Literally putting the “luxor” in “luxorious”, the small town of Luxor (formerly known as Thebes in ancient times) should make everyone’s Egypt itinerary. Exploring Valley of the Kings, Valley of the Queens, Queen Hatshepsut’s temple and so much more on the West Bank of the Nile are not to be missed. Equally, Luxor’s East Bank has plenty to see as well: namely Luxor Temple and Karnak. Regardless of where we enjoyed the day, our evenings were spent on the east bank due to the location of our AirBnB. And with so many eateries offering vegan options to choose from, there was really no reason to make the trip across the Nile again after the sun went down.

Gerda’s Garden

The owner of Gerda’s Garden, Wael Shahwan, greeted us wholeheartedly despite the frenzy of trying to get out numerous orders in time for iftar (breaking the fast of Ramadan). He lived in Heidelberg for 7 years and seems to really enjoy what he does. He speaks Arabic, German and English. It was fun to practice my German again after so long of not speaking it on a daily basis. Gerda’s Garden specializes in Egyptian and German cuisine.

Colorful oriental salad in front with foul in the background from Gerda’s Garden in Luxor, Egypt

We tried the bratkartoffeln (fried potatoes), foul, oriental salad, okra in tomato sauce, and pasta with mushrooms in a light tomato sauce. I loved the variety on my plate and everything tasted as though great care went into making it.


Snobs is a 1920’s style sit-down restaurant with fun decor, a vegetarian menu available in English and a very fluent English-speaking staff. Because we arrived shortly before the sun went down, we were given a plate of very fresh and sweet dates, as is customary when breaking the fast.

Ta’amiya with babaganoush and hummus from Snobs in Luxor, Egypt

We ordered the babaganoush, hummus, sweet and sour fried veggies with rice, fried stuffed mashed potatoes and garlic (minus the cheese), and ta’amia. Every item was delicious and very filling.
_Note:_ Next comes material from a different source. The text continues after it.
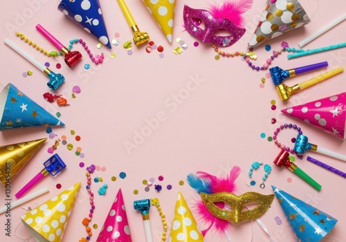 A flat-lay photograph features a light pink background scattered with colorful party supplies, suggesting a festive celebration or event invitation.

Located in an unassuming side street only 9 minutes from Luxor Temple, we walked by Sofra without even noticing it. The inside, however, revealed a beautiful more upscale restaurant with an upstairs dining room. There was not only lots of vegan options to choose from on the menu, but a large variety of freshly-squeezed fruit juices. I tried the banana juice and later in the meal some guava juice – we watched them make it at the bar.

I decided to try their koshary as I was curious to see if it was different than the kind I tried in Cairo. This carb-heavy dish was very delicious (and filling) and unlike the koshary I enjoyed at El Tahrir, it already came already seasoned with the chef deciding on the amount of tomato, garlic and spicy sauces. As a result, it was a bit dry for my taste.
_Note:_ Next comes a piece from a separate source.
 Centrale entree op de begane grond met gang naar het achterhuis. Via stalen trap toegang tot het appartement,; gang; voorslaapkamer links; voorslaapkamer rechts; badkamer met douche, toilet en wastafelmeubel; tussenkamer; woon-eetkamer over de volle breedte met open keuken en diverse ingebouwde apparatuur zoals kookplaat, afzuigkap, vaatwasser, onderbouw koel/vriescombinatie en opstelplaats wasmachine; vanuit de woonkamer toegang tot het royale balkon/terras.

Khodar makly in front with betingan bil tom and roz hab’a wa hab’a in the background from Sofra in Luxor, Egypt

We also tried the roz hab’a wa hab’a, an Egyptian-style rice with both white and brown grains, betingan bil tom, baby aubergines stuffed with parsley, dill and garlic and spiced with lemon, and khodar makly, mixed seasonal vegetables (cauliflower, baby aubergine, sweet peppers and zucchini) fried in oil, served with vinegar and olive oil dressing. I very much enjoyed the very bold and distinct flavor combinations of the the latter two dishes.

As superb as this meal was, it wasn’t my favorite vegan experience in Egypt.
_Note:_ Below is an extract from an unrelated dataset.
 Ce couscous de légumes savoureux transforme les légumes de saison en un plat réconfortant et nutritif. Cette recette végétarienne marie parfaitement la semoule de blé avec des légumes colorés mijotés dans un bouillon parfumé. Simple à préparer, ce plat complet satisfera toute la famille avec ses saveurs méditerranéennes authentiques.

Camping in the White Desert

An absolute highlight of the trip for me was camping in Egypt’s White Desert. After searching for a company to take us out there and reading that the standard Bedouin meal included BBQ chicken, we made an inquiry to see if it were possible to opt for a vegan meal instead. It turns out that this is a common request and they were happy to oblige. When we arrived to the Bedouin camp, we weren’t sure what to expect for food for the next two days.

It turns out that our lunch at the Bedouin camp was the envy of other travelers going out into the desert. And what was not to envy?! Our table was covered with colorful and interesting dishes, some that were completely new to me. We had orzo soup (traditional Egyptian soup usually made with chicken broth but was changed to vegetable broth to accommodate us), lubia (white beans), molokhia (a green soup sometimes translated to Jewish mallow), Egyptian rice, pickled vegetables, pita bread and honeydew and the cutest peaches for dessert.

Molokhia, a traditional Egyptian dish

Our dinner, cooked by our Bedouin guide named Ayman over the fire in the White Desert, turned out to be vegetable soup, Egyptian rice and grilled vegetables (potatoes, zucchini and carrots) with fresh dill. Eating this delicious food around a camp fire under a super moon in Egypt’s White Desert was a fantastic way to complete an amazing day of exploring.

Egyptian rice with grilled vegetables

We began the next morning after watching the sun rise (now there is an experience I will not soon forget!), with bread, foul and some sweet options like fig jam. And strangely a bowl of potato chips were on the table next to some oranges and guava. So, I made a little sandwich with the foul and bread and put some of the potato chips in the there for some added crunch. It tasted great!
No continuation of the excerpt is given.